An LLC is an entity created by state statute. Depending on elections made by the LLC and the number of members, the IRS will treat an LLC either as a corporation, partnership, or as part of the owner’s tax return (a “disregarded entity”). Specifically, a domestic LLC with at least two members is classified as a partnership for federal income tax purposes unless it files Form 8832 and affirmatively elects to be treated as a corporation. And an LLC with only one member is treated as an entity disregarded as separate from its owner for income tax purposes (but as a separate entity for purposes of employment tax and certain excise taxes), unless it files Form 8832 and affirmatively elects to be treated as a corporation.
Owner of Single-Member LLC
If a single-member LLC does not elect to be treated as a corporation, the LLC is a “disregarded entity,” and the LLC’s activities should be reflected on its owner’s federal tax return. If the owner is an individual, the activities of the LLC will generally be reflected on:
Form 1040 Schedule C, Profit or Loss from Business (Sole Proprietorship) (PDF)
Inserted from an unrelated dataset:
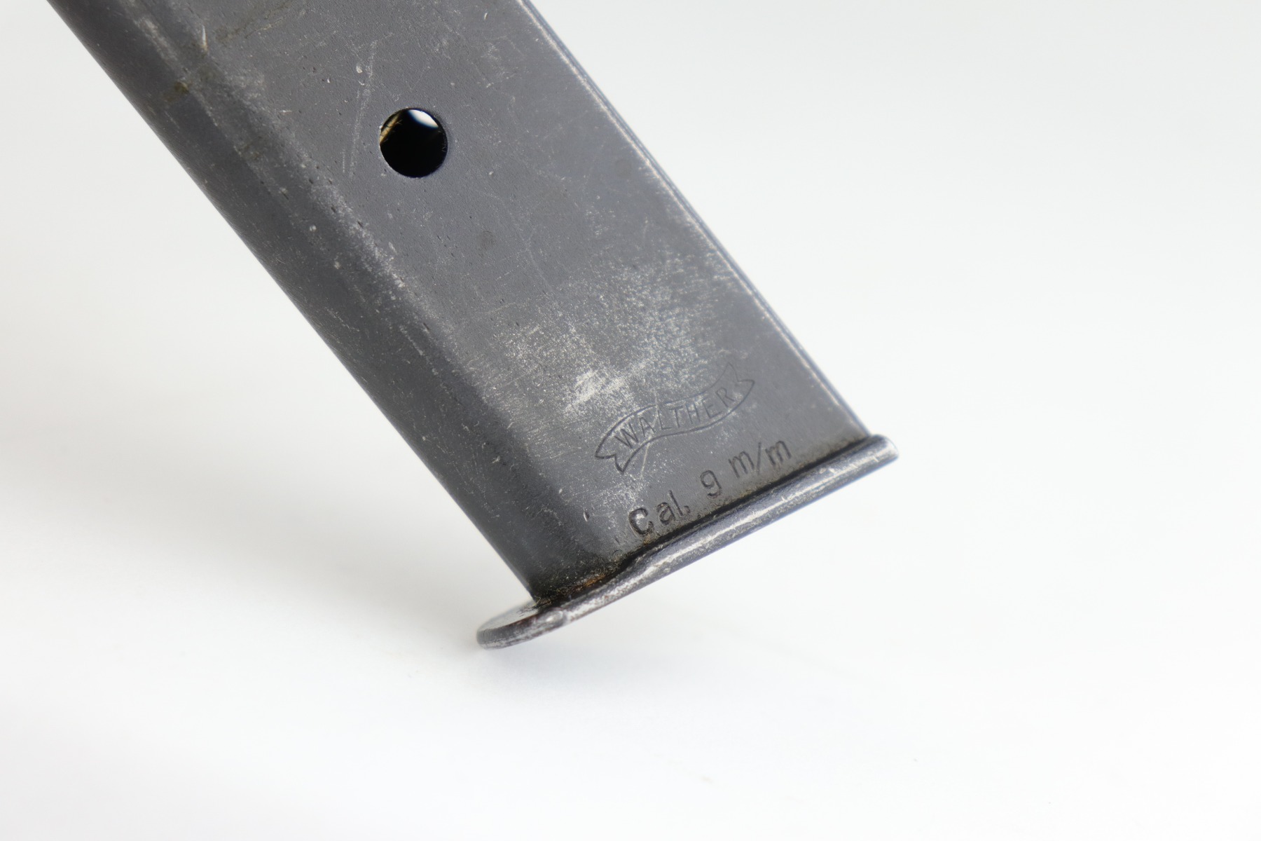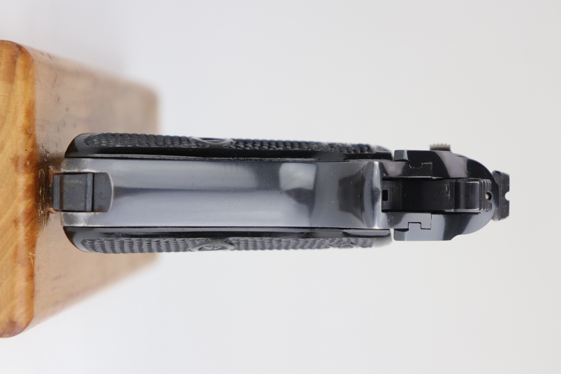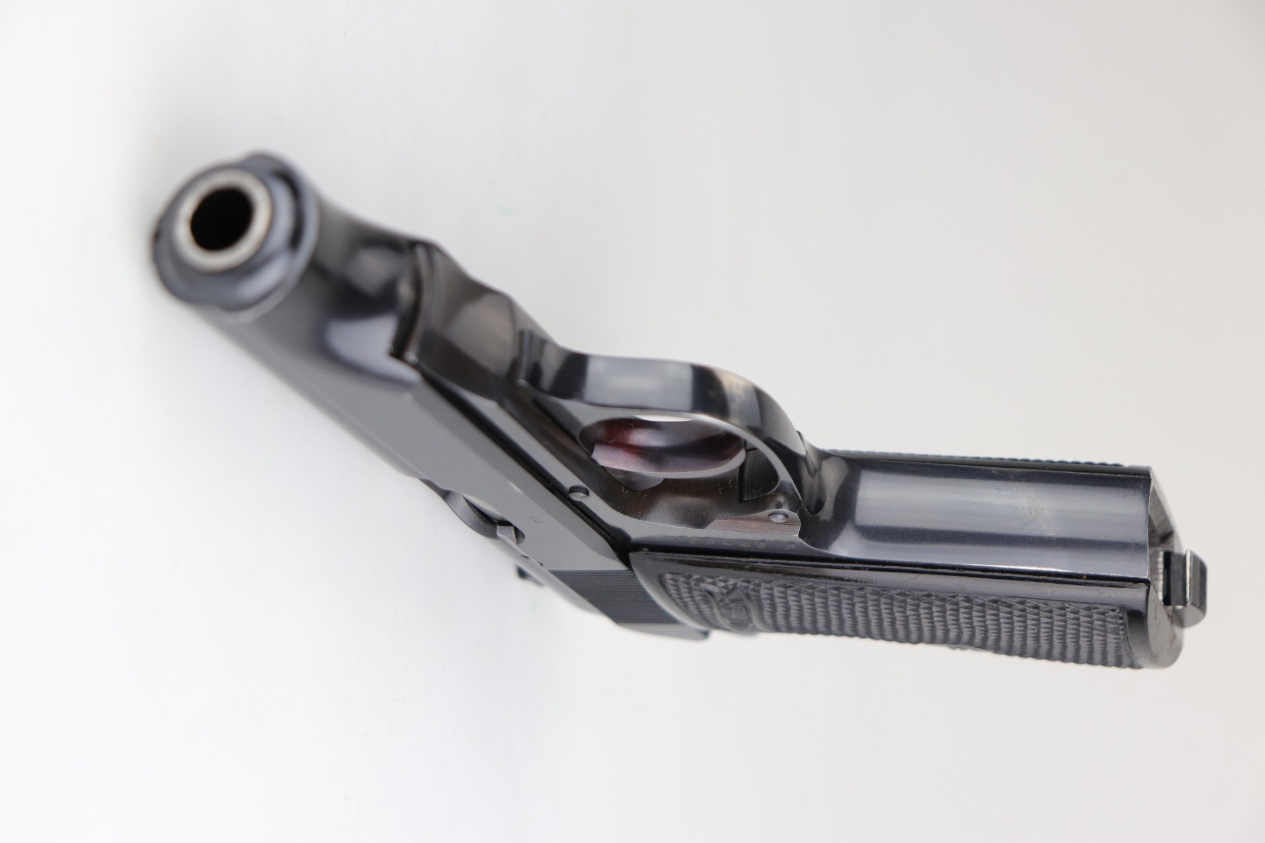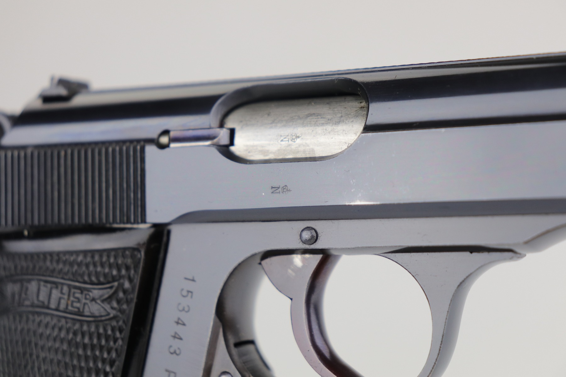 3/6/20 – This is a scarce and near-mint Walther PP from the Nazi era, chambered for the popular 9mm Kurz. Only about 3.5% of Walther PP production was in this caliber, and rarely do you encounter examples this nice. The high-polish blue rates at 98% with minor front edge wear on the slide, and a hint of finish loss on the trigger guard and front strap. Mint bore and excellent grips. Correct magazine.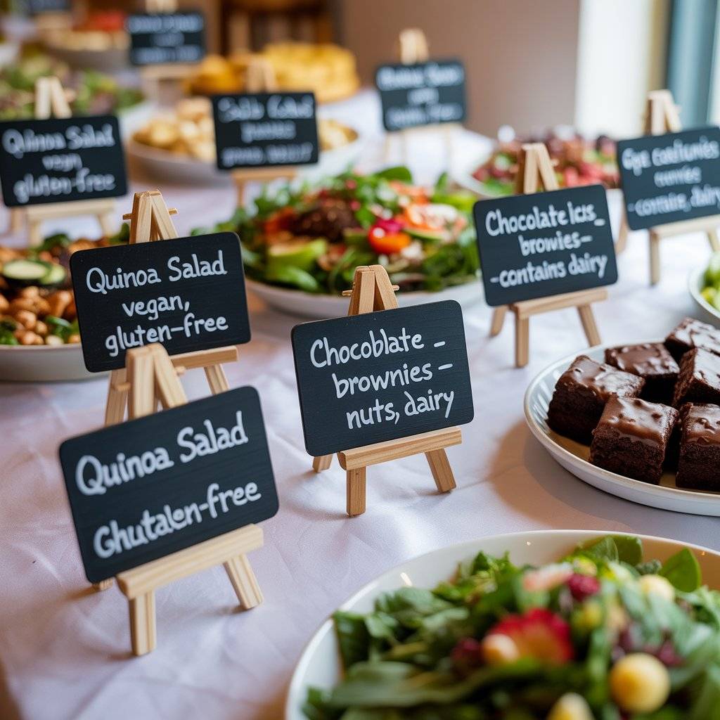 Food allergies and dietary restrictions are common, and your guests will appreciate knowing exactly what’s in each dish. Set up small chalkboard labels or simple tent cards next to each food item. Write the name of the dish and note if it contains common allergens like dairy, nuts, gluten, or if it’s vegetarian/vegan.

Form 1040 Schedule E, Supplemental Income or Loss (PDF)
Form 1040 Schedule F, Profit or Loss from Farming (PDF)
An individual owner of a single-member LLC that operates a trade or business is subject to the tax on net earnings from self employment in the same manner as a sole proprietorship.
If the single-member LLC is owned by a corporation or partnership, the LLC should be reflected on its owner’s federal tax return as a division of the corporation or partnership.